See RCW 51.12.100; Eggert, 129 Wn.2d at 34 n.5; Esparza v. Skyreach Equip.,
Inc., 103 Wn. App. 916, 937, 15 P.3d 188 (2000), review denied, 144 Wn.2d
1004 (2001).  RCW 51.12.100(1) (section 100) provides that '{t}he
provisions of this title shall not apply to a master or member of a crew of
any vessel, or to employers and workers for whom a right or obligation
exists under the maritime laws or federal employees' compensation act for
personal injuries or death of such workers.'  (Emphasis added.)  As this
court observed in Eggert, 'In Washington, provisions of RCW 51 do not apply
to employers or workers who are covered by LHWCA.'  Eggert, 129 Wn.2d at 34
n.5.  The legislature's intent in excluding LHWCA-covered workers from the
WIAA was 'to prevent double recovery by {such a} worker,' Esparza, 103 Wn.
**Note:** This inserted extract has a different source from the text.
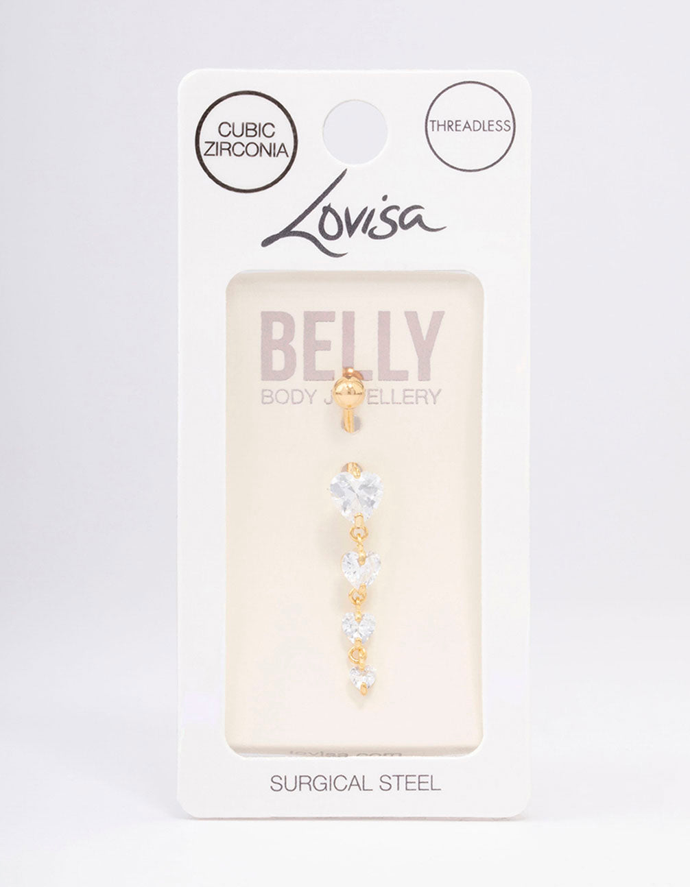 - This belly piercing is plated with real gold and features heart-shaped, cubic zirconia embellishments for added interest. Pair this piercing with matching accessories from our Heart Edit for a lovable look.

App. at 938, and thereby 'protect the state's industrial insurance fund
when a worker is adequately covered under the LHWCA.'  E.P. Paup Co. v.
Director, Office of Workers Comp. Programs, 999 F.2d 1341, 1348 n.3 (9th
Cir. 1993) (citing Rhodes v. Dep't of Labor & Indus., 103 Wn.2d 895, 898,
700 P.2d 729 (1985)).
     However, in 1988 the legislature enacted RCW 51.12.102 (section 102),
which provides for the payment of some WIAA benefits under certain
circumstances to maritime workers 'who may have a right or claim for
benefits under the maritime laws of the United States,' i.e., the LHWCA,
who develop illness as a result of exposure to asbestos.  RCW 51.12.102(1).
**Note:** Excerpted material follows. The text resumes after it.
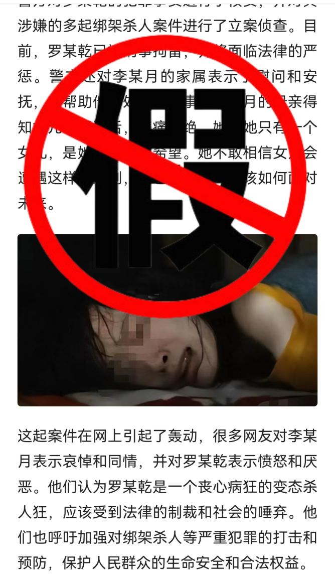 近期,西双版纳网警在工作中发现,一网民在某网络平台发布一篇题为“云南女大学生失踪4天后被发现只剩头颅,凶手自称是报复社会”的文章。文章内容称:“2023年8月4日,云南省勐海县发生了一起令人震惊的命案。一名22岁的女大学生李某月,在独自返校的途中失踪4天后遇害。”该文章发布后,引发广大网民热议和关注,造成不良社会影响。

Subsection (1) of section 102 directs the Department of Labor and
Industries (DLI) to 'furnish the benefits provided under this title to'
such a worker 'if (a) there are objective clinical findings to substantiate
that the worker has an asbestos-related claim for occupational disease and
(b) the worker's employment history has a prima facie indicia of injurious
exposure to asbestos fibers while employed in the state of Washington in
employment covered under this title.'  RCW 51.12.102(1).  That section
further directs DLI to 'render a decision as to the liable insurer and {to}
continue to pay benefits until the liable insurer initiates payments or
benefits are otherwise properly terminated under this title.'  Id.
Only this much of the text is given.